(Provided data)
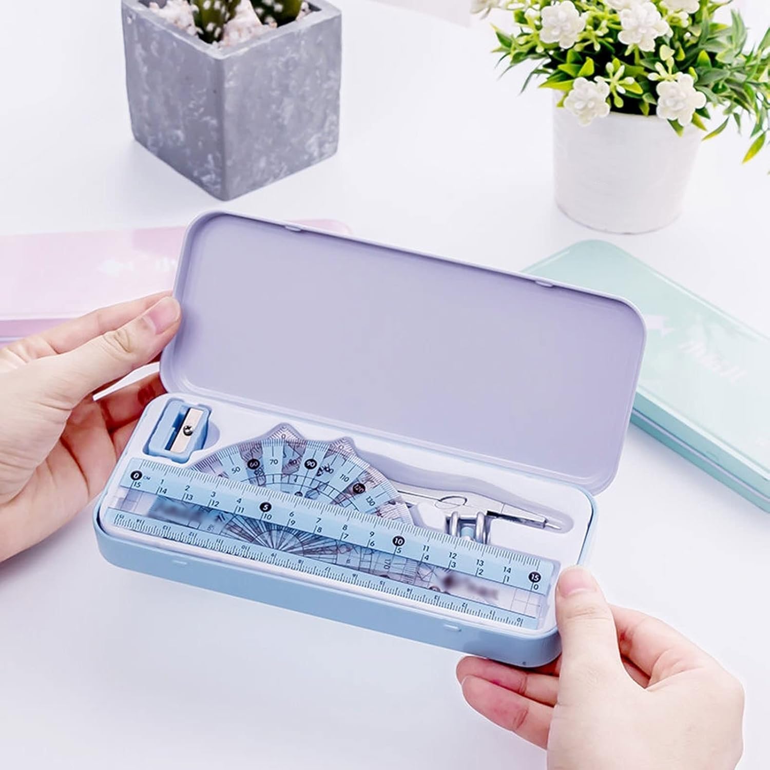 Il compasso matematico non si piega né si deforma durante l'uso. La testa del compasso dal design ergonomico è comoda da impugnare. Il compasso con supporto universale può essere utilizzato con qualsiasi matita o penna di dimensioni standard. Il righello, il triangolo e il goniometro sono dotati di scale graduate for una maggiore praticità. Identificazione. Dotato di custodia, facile da trasportare e riporre. Set compasso: righello da 5,91 pollici, goniometro, temperino, matita, gomma, compasso in metallo, 2 triangoli (45° e 60). Il kit di matematica e geometria può essere riposto in uno zaino o sulla scrivania. Facile da trasportare e riporre. Il kit geometrico è realizzato in metallo, è robusto e può essere utilizzato for molti anni. Gli strumenti da disegno meccanico sono progettati da esperti matematici e comprendono tutti gli elementi essenziali for insegnanti e studenti di qualsiasi livello. Un'ottima scelta for insegnanti e studenti. Sono anche un regalo perfetto for bambini e amici, facili da portare in classe e da riporre in classe e a casa. Sceglieteli come regalo for la stagione scolastica o for Natale.
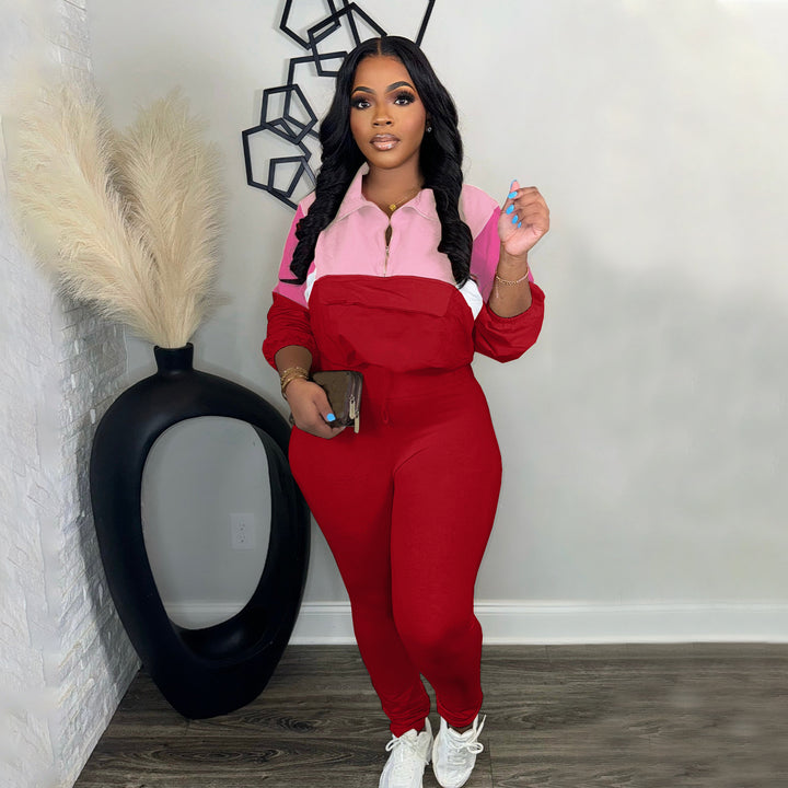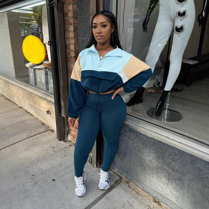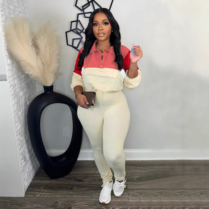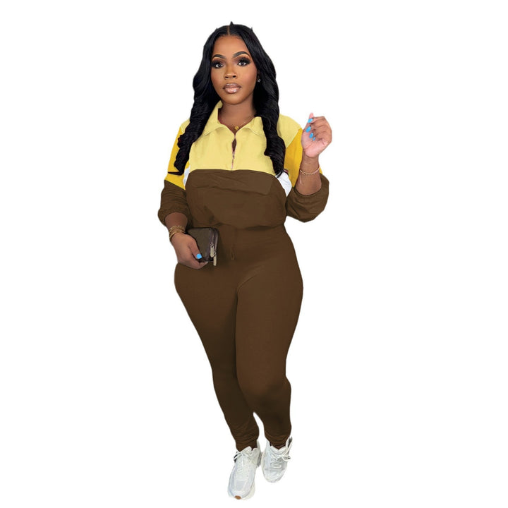 TW539 autumn supply contrasting color set zipper color matching sweater leggings sports two-piece set
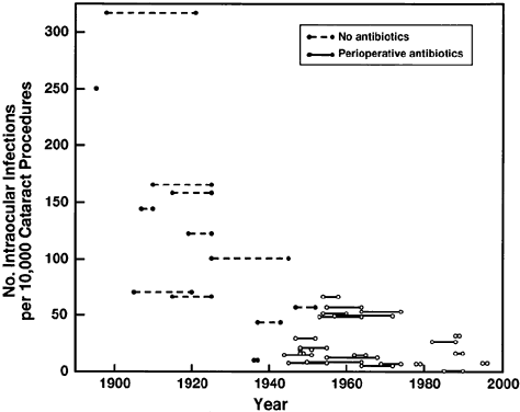 *(From Aaberg TM Jr, Flynn HW Jr, Schiffman J, Newton, J: Nosocomial acute-onset postoperative endophthalmitis survey. Ophthalmology 105:1004, 1998.) †Includes delayed-onset infections.
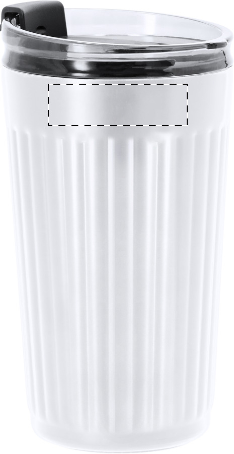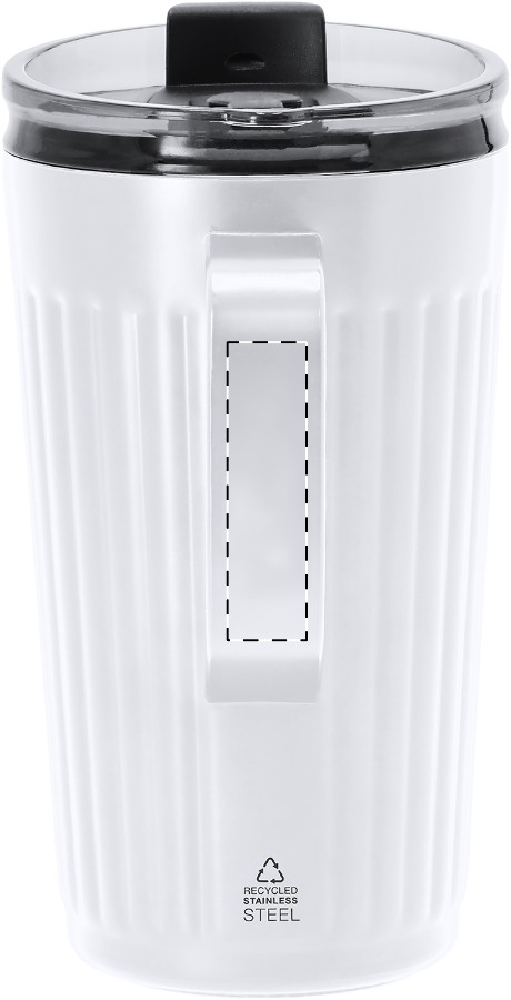 Tazza termica da 350 ml. a doppia parete in acciaio inox riciclato con coperchio erogatore.
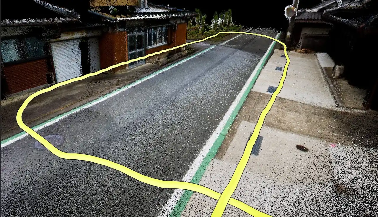 より高精度なデータが求められる場面では、LA01-2が活躍します。RTKによる数cm級の位置座標付き点群データを取得可能。現況平面図として道路周辺の設置物や側溝形状、道路幅員等の現況把握、地形の差分把握などにも適しています。RGBカメラも搭載しており、色情報付きの点群データが取得できます。 |
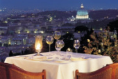 Rome Cavalieri (Рим). Ресторан La Pergola на крыше отеля, возглавляемый шеф-поваром Хайнцем Беком (Heinz Beck) - единственный обладатель трех звезд от Мишлен в городе. Каждый вечер, в зависимости от количества броней, вид ресторана меняется, но здесь никогда не накрывают более 65 столов. Попробуйте жареные устрицы La Perle Blanche с соусом из петрушки, угольную рыбу с маринованными анчоусами или молочного поросенка.
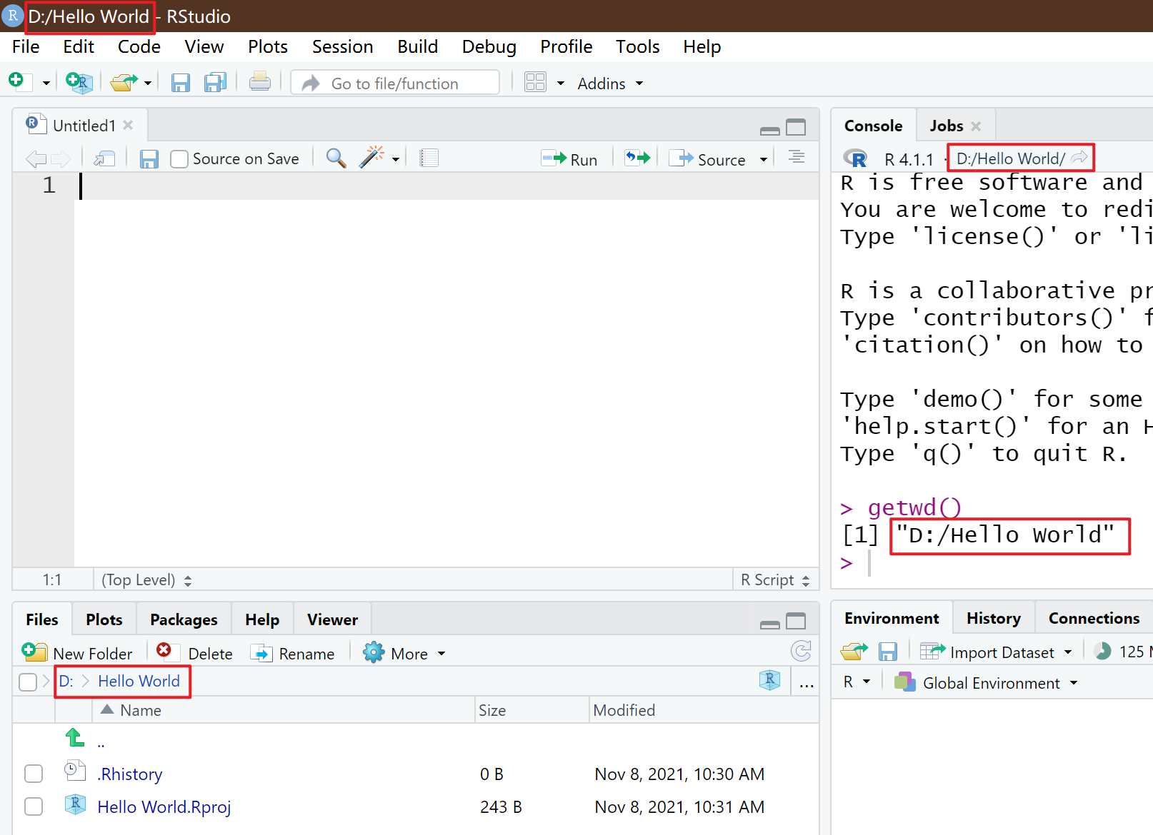 - xxx.Rproj(推荐)。通过双击 xxx.Rproj 的方式打开 Rstudio,会默认将该 .Rproj 文件所在文件目录作为默认 working directory,xxx.Rproj 对应一个 project,例如在 D:/Hello World 文件夹下创建一个 project,Rstudio 就会自动创建一个 Hello World.Rproj,双击该文件会自动打开 Rstudio
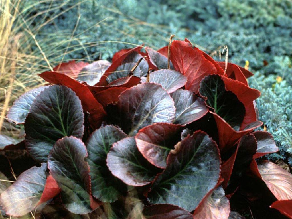 в сентябре листья бадана меняют свою зеленую расцветку на колоритную осеннюю гамму, и растения вновь выходят на первый план, привлекая внимание яркими красками
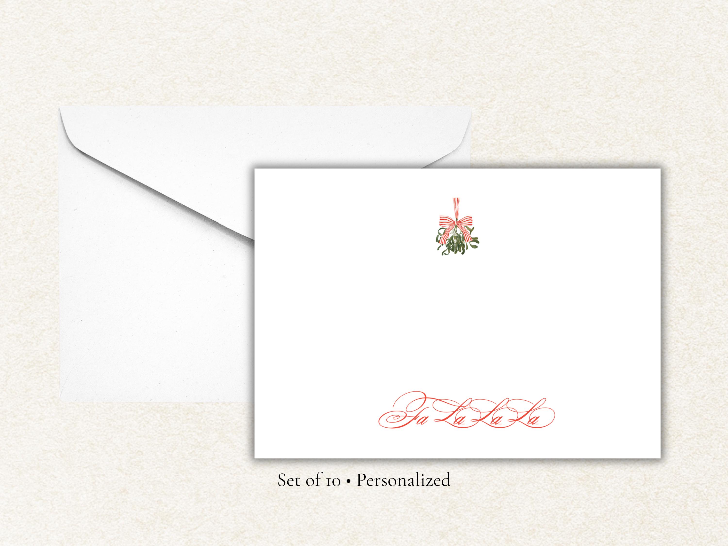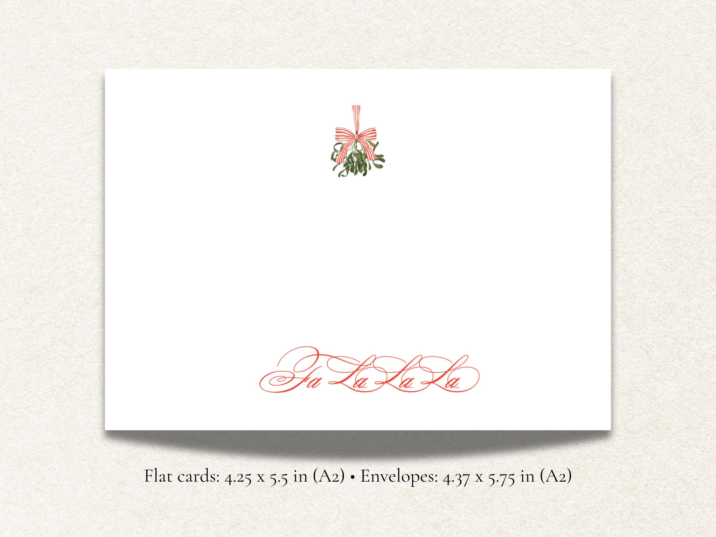 Spread holiday cheer in style with these personalized Fa La La Christmas notecards, a perfect blend of classic charm and festive sophistication. Featuring a dainty mistletoe illustration and elegant red script lettering, each card captures the spirit of the season with effortless grace.
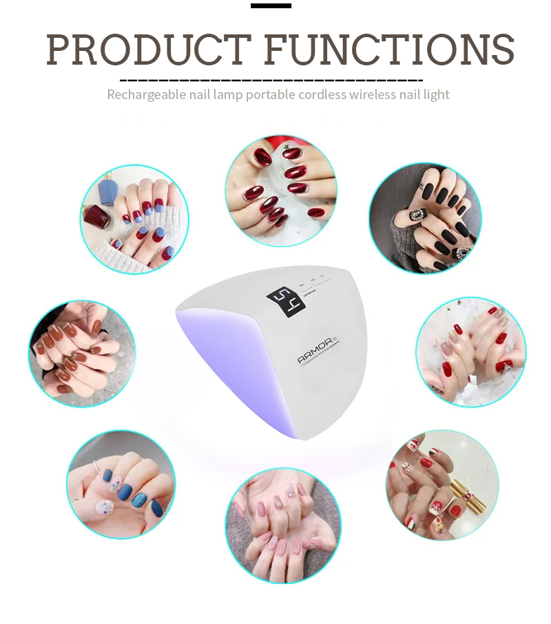 Ապրանքն ապահովում է նույնիսկ սոսինձի չորացում առանց նեղացման: Նրա երկակի լույսի աղբյուրները տալիս են մեղմ ջեռուցում `ձեռքը գունաթափման եւ աչքի լարը կանխելու համար, որոնք հարմար են ինչպես ձեռքի, այնպես էլ ոտքերի համար, զգալիորեն արագ չորացման արդյունքներ տալով:
(End Provided data)
#### Task to complete:
Excerpt from the records above: set down only the lines from the one that contains "- xxx.Rproj(推荐)。通过双击 xxx.Rproj" through the one that contains "в сентябре листья", inclusive, word for word. Pictures stay out.

#### Solved exercise:
 - xxx.Rproj(推荐)。通过双击 xxx.Rproj 的方式打开 Rstudio,会默认将该 .Rproj 文件所在文件目录作为默认 working directory,xxx.Rproj 对应一个 project,例如在 D:/Hello World 文件夹下创建一个 project,Rstudio 就会自动创建一个 Hello World.Rproj,双击该文件会自动打开 Rstudio
 в сентябре листья бадана меняют свою зеленую расцветку на колоритную осеннюю гамму, и растения вновь выходят на первый план, привлекая внимание яркими красками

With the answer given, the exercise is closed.